Yeah, I agree. Well, let's put that out into the universe.
Oh, my God! That's great!
We'll put it out there.
Light a candle.
We are going to light a candle for that one. I've taken a lot of your time. Any advice that you have for up-and-coming writers?
Yes, don't give up.
Okay, that's good.
Don't give up. You have to fight for it, and the more you fight for it the more the universe will align itself and make it happen. But the important thing is not to give up. Also, don't be afraid to ask for help. Nobody ever gets successful on their own. We all have help.
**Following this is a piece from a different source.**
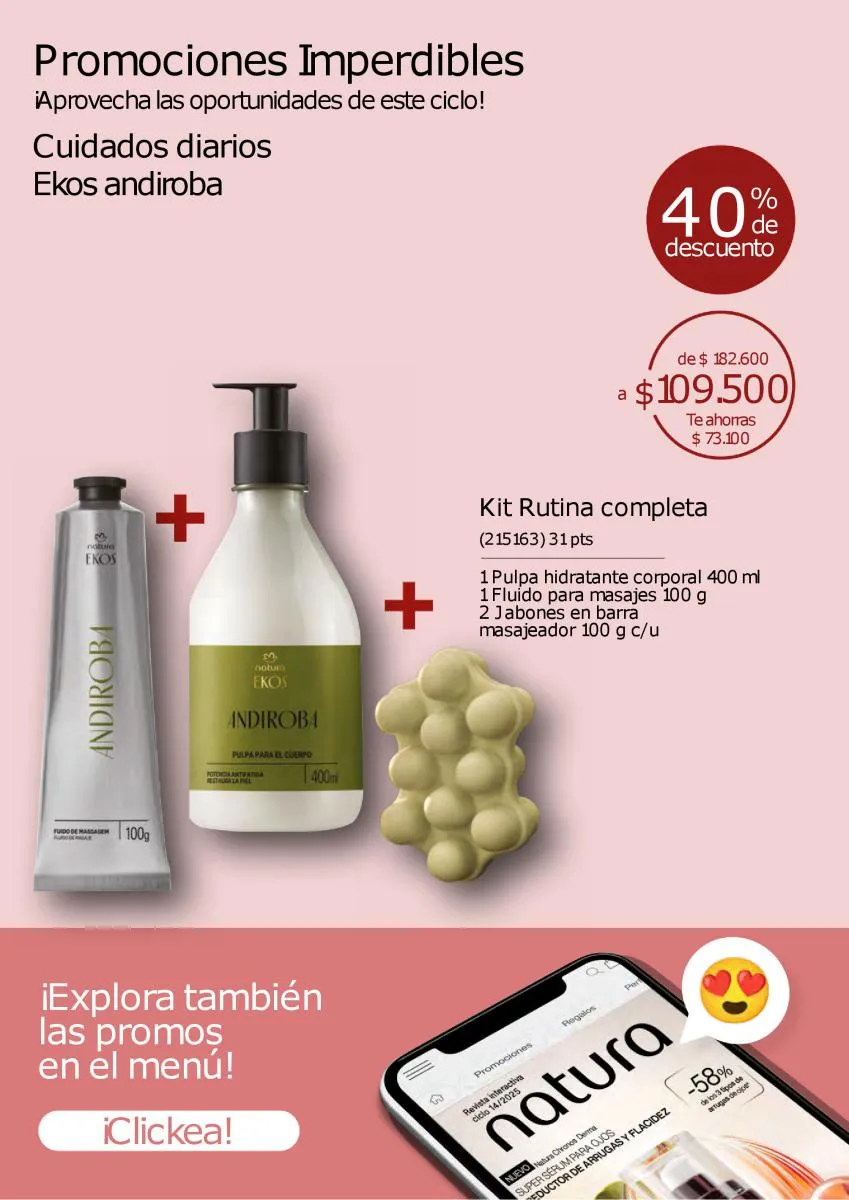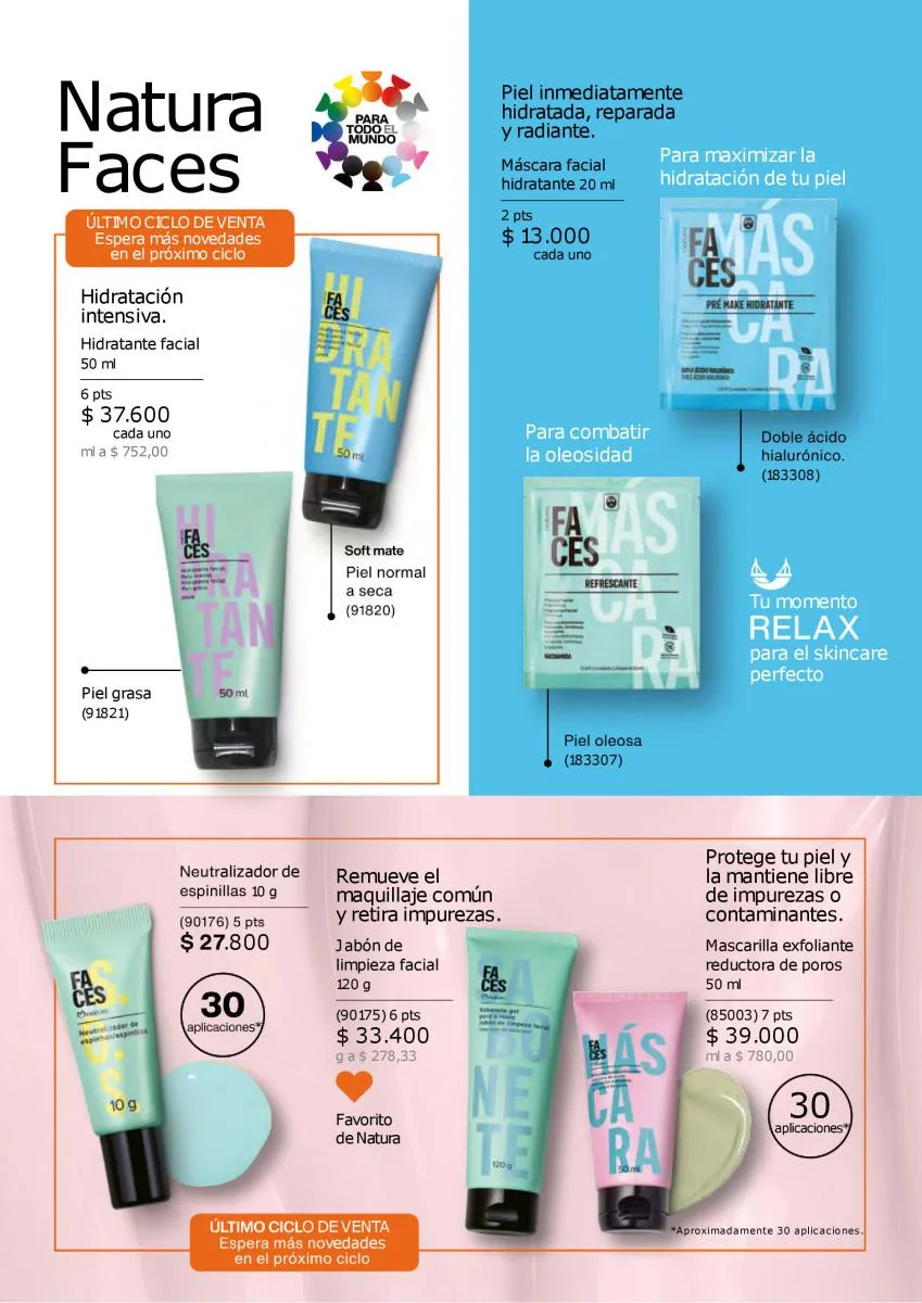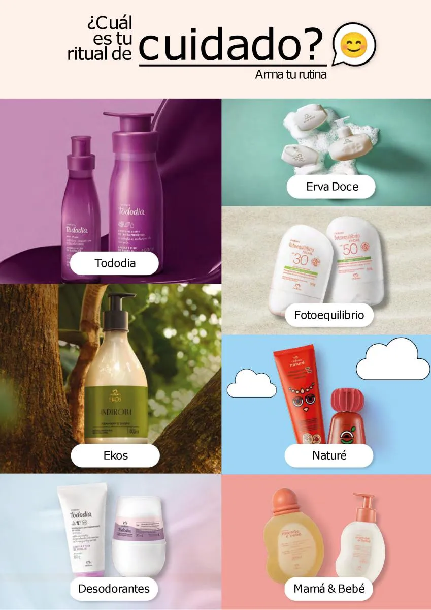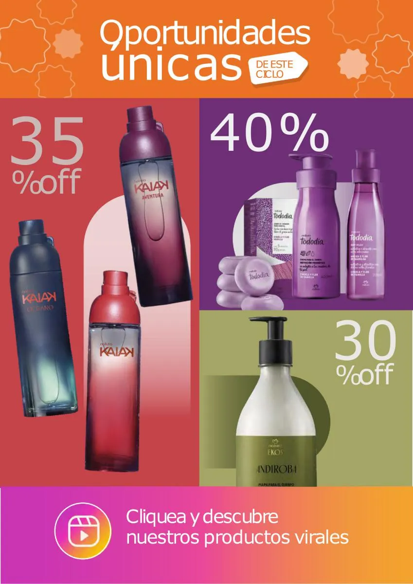 El eslogan de esta Natura Ciclo campaña 14 2025 es ¿Qué puede hacer una marca de belleza por la belleza? Pues traerte lo mejor en productos y fórmulas modernas para cuidar piel y rostro y detener los efectos de la edad. En esta temporada tendrás descuentos con las más estupendas líneas anti oleosidad, anti manchas, de limpieza y tonificación. Natura promueve un rostro sin impurezas y sin grasa.

Yeah, we all need each other. That's true. Okay, well, Reyna Grande, thank you so much. It has been such a privilege.
Thank you, Rey.
Rey M. Rodríguez is a writer, advocate, and attorney. He lives in Pasadena, California. He is working on a novel set in Mexico City and a non-fiction history of a prominent nonprofit in East LA. He has attended the Yale Writers' Workshop multiple times and Palabras de Pueblo workshop once. He also participates in Story Studio's Novel in a Year Program. He is a first-year fiction creative writing student at the Institute for American Indian Arts' MFA Program. This fall his poetry will be published in Huizache. His other interviews and book reviews are at La Bloga, the world's longest-established Chicana-Chicano, Latina-Latino literary blog, Chapter House's Storyteller’s Blog, IAIA's literary journal, Pleiades Magazine, and Los Angeles Review.